Elle était à quelques centimètres de lui, et son parfum capiteux venait
enivrer l'odorat de son interlocuteur. Sa chevelure sombre caressait de
ses amples boucles sa poitrine à peine voilée. Ses pieds nus
effleuraient à peine les mosaïques raffinées qui recouvraient le sol.
Elle plongea son regard d'or fondu dans celui-ci du noble : il était
beau, d'une beauté parfaite : une peau d'ivoire, une chevelure sombre
et lisse tressée avec soin. Mais il la répugnait, comme tous les
autres. Il s'empara brusquement des mains fines de Phaedra, doigts
élégants couverts de bagues, poignets fins encerclés de bracelets de
métal doré et l'attira contre lui.
"Par Set, que cherches-tu ? Je t'offre une vie paisible dans le
luxe, avec un homme qui t'aime... Et tu oses refuser ? N'importe quelle
femme de Stygie serait enchantée d'une telle offre..."
Elle le fixait toujours, de son impassible beauté, de ses prunelles
flamboyantes. Puis elle se mit à rire. C'était vrai qu'elle était née
chez des manants, et que Anwar était un de plus grands nobles de la
nation. Pour elle, il était prêt à outrepasser la règle des castes.
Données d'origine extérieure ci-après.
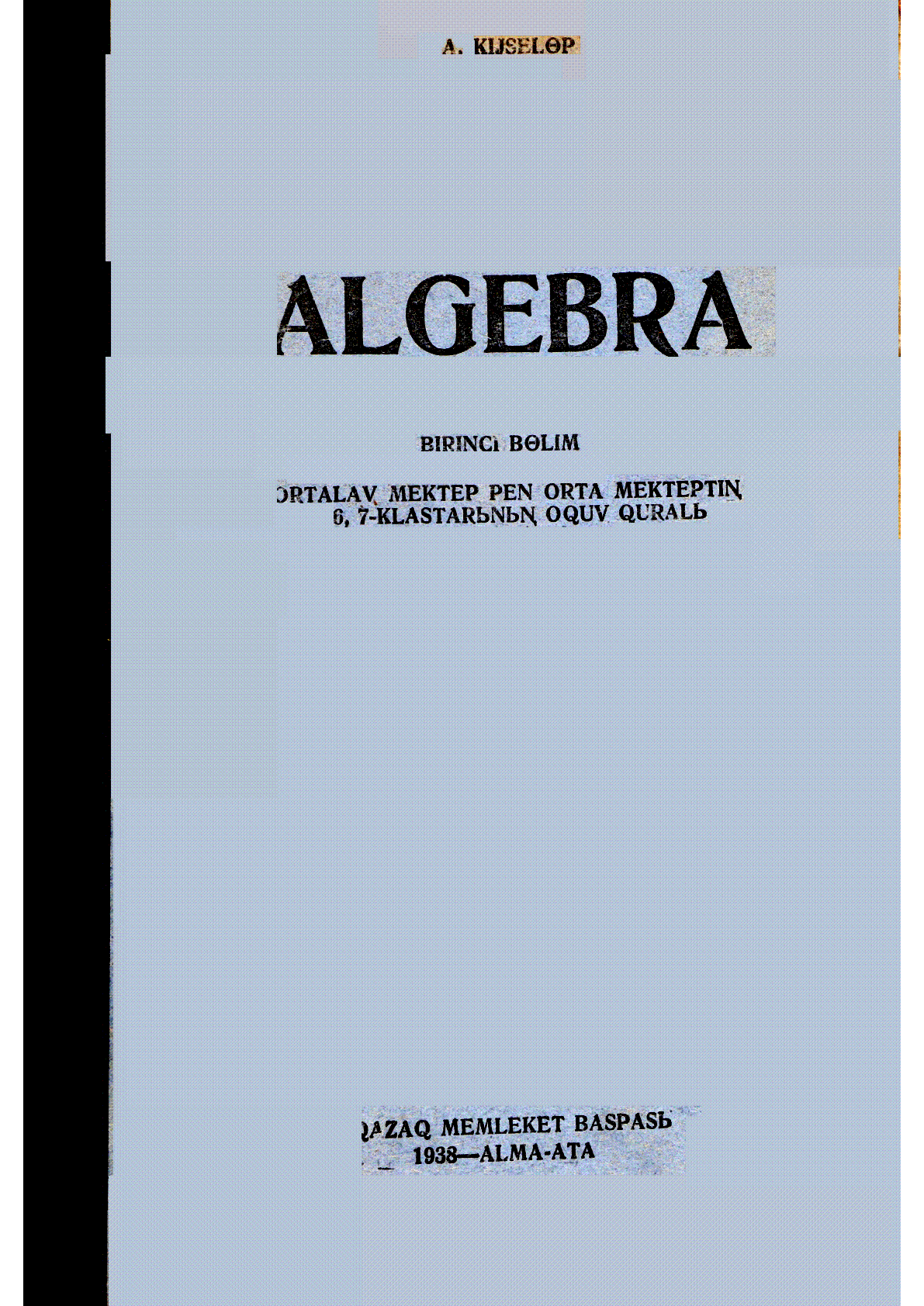 Алгебра [Мәтін] : Орталау мектептер мен орта мектептің 6, 7-кластарының оқу құралы / А. Киселев ; ред. қараған А. Н. Борсуков ; [жауапты ред. М. Әмірбаев] ; ҚазССР Оқу Халық комиссариаты . – 4-бас. , түзет. .- Алма-Ата : Қазақ мемлекет баспасы , 1938.– 34150 дана . (мұқ.) - Мәтін латын қарпімен қазақ тілінде . 1-бөлім .– 123, [1] б. (мұқ.) : 30 тг.

Mais tant d'hommes de Stygie étaient prêts à un tel sacrifice. Elle
était la plus grande courtisane de cette nation. La plus convoitée.
Elle le repoussa doucement, d'un simple geste de la main. Il ne résista
pas, perplexe.
"Cela
ne m'intéresse pas. Une telle vie me ferait mourir d'ennui, et tu le
sais bien. Vous m'aimez parce que vous ne pouvez me posséder
réellement."
Elle le contourna lentement, n'hésitant pas à le frôler comme pour
l'achever. Il fronça les sourcils : il n'avait pas l'habitude qu'on lui
refuse quoi que ce soit. Il poussa un grognement.
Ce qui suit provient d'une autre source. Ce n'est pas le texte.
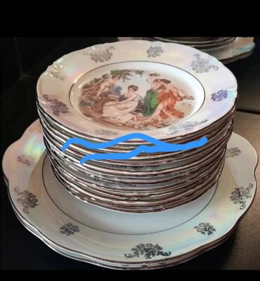 Qədim, 18 person yemək dəsti, Çexslovakiyanındır.Bütün predmetləri vardır sadəcə bir hissəsini görüntü üçün qoymuşam, digər hissələri bağlamadadır. Duz qabısından supnikinə qədər bütün predmetləri ...

"Ne me force pas à devenir désagréable, Phaedra. J'ai les moyens de te contraindre, s'il le faut."
Elle s'arrêta net, et de ses lèvres pulpeuses s'échappa un rire léger
comme l'eau d'un torrent, un rire teinté d'ironie. Elle se retourna
pour le toiser, sans dissimuler son mépris désormais. Déjà des flammes
dansaient dans son regard.
"Me contraindre à quoi ? A t'aimer ? Tu n'y
parviendras pas, Anwar... N'as-tu pas déjà essayé en faisant assassiner
Andopal ? N'as-tu pas vu quel échec cela fut... Et dire qu'il n'était
même pas mon amant. Il était juste mon maître : il m'enseignait la
démonologie. C'était mon ami, aussi, incontestablement."
Il blêmit : elle savait qu'il avait commandité ce meurtre. Elle le
fixait désormais avec une effroyable froideur. Peu à peu, un sourire
mauvais naissait sur ses lèvres jaspées.
"Alors, tu n'as rien à répondre à cela ? Dommage... De toute façon, tu vas bientôt te taire à jamais..."
"Tu n'oserais pas, ce serait te condamner..."
Elle ne répondit pas. Les flammes ondoyaient déjà autour d'elle,
caressant sa chevelure. Puis ce fut lui qui s'embrasa, dans un cri
d'horreur. Bientôt, il n'y eu plus que des cendres à la place de son
amant. Noble mais oisif. Pauvre larve incapable de se défendre
elle-même. Phaedra s'en détourna rapidement.
"Et alors ? Je n'ai aucune envie de pourrir en Stygie, mon amour..."
... Suite à venir ...
(Illustration d'Ana Mirralès)
Phaedra 2.
Les chroniques de Phaedra.
D'une infâme mais sublime courtisane.
"La femme est le chef-d'œuvre de Dieu surtout quand elle a le diable au corps !"
Alphonse Allais.
... Deuxième acte ...
Elle était rentrée tard dans la nuit, comme un bruissement. Déjà dehors
les hurlements se faisaient entendre. L'air nocturne était agréablement
frais à Khemi, et ses pas se faisaient feutrés. Anissa, son esclave,
l'attendait, inquiète, n'ayant pas parvenu à trouver le sommeil.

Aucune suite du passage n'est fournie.